Born: 1944 - Died: 2011
Claus Bolby was actually a fly technician, but worked more creative in his spare time with many different materials and forms of expression. These mixed media activities and his technical skills brought Bolby into lighting design, and one of his first tasks with lighting designs, was the recent built and very modern Strandby Church in northern Jutland.
The lights were designed to symbolize a Danish priest’s collar with acrylic staves, (lamellas) radiating from a metal tube. These church lights were very large, measuring 80cm in diameter and called Præstekraver.
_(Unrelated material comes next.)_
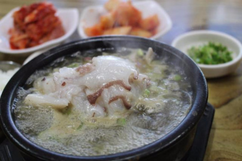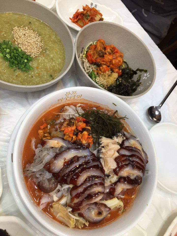 시장 내 속초문어국밥(033-638-8837)은 생소한 문어국밥이 메인이다. 속초 앞바다에서 잡은 참문어를 얇게 썰어 소고기 국밥 위에 올려져 나온다. 문어는 국물에 샤부샤부처럼 살짝 데쳐 먹어야 제맛을 느낄 수 있다.

At the age of 23 in 1966 Claus Bolby started the production of a smaller version of the church light for private use. It was produced in acrylic of various colors. The production started in Bolby’s basement, in his home in Silkeborg, together with his wife Jytte. He sold them through different shops under the title Symfoni. For the next ten years he kept producing variations of the Symfoni.
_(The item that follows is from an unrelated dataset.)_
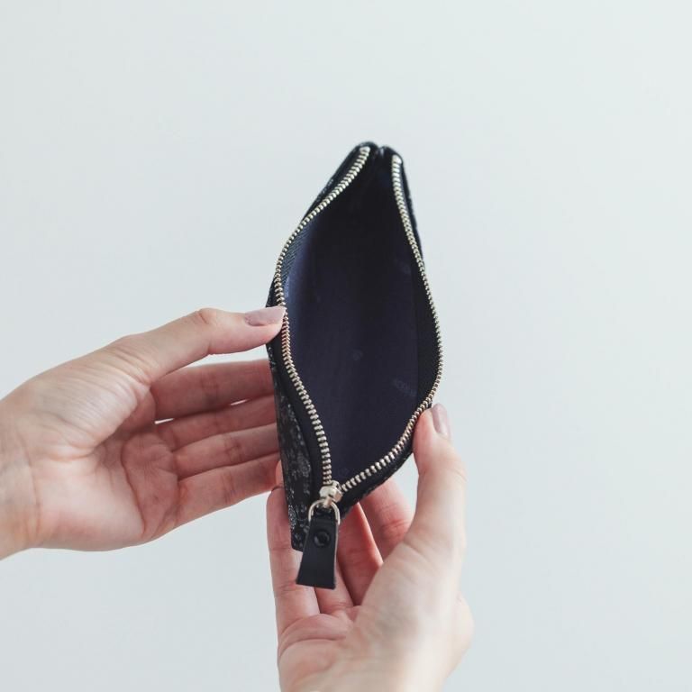 L字ファスナーのため大きく開いて中身が確認しやすいのが特徴です。

In the late 1960s, Claus Bolby performed all kinds of chemical experiments with the acrylic staves, left over from the Symfoni production. Thus began the production of Bolby’s completely original lamp design, called Vega in 1968. The small lighting factory was called Cebo Industri ApS, and Bolby’s next lamp models were given numbers rather than names, perhaps reflecting how fast the project was moving. From 1969, Cebo produced the lights and sold them to Lyskær Belysning, which sold increasingly popular lamps on under their own name.
In the early 1970s, the lights became so popular, that Bolby was producing lights for other leading Danish lighting companies, including LYFA and Nordisk Solar Compagni – later distributing the Symfoni among other lights.
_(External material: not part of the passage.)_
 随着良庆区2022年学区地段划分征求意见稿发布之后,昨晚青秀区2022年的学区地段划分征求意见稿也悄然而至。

The Cebo Industri production moved to a larger factory in Silkeborg, in 1974, as the international demand rose. As the interest of the colourful acrylic lights fell in the 1980s, Bolby started a production of technical lights and spotlights. Production was sold in 1995, and eventually phased out a few years later.
Claus Bolby and his wife Jytte continued with special lighting for the visually impaired, until his death in 2011.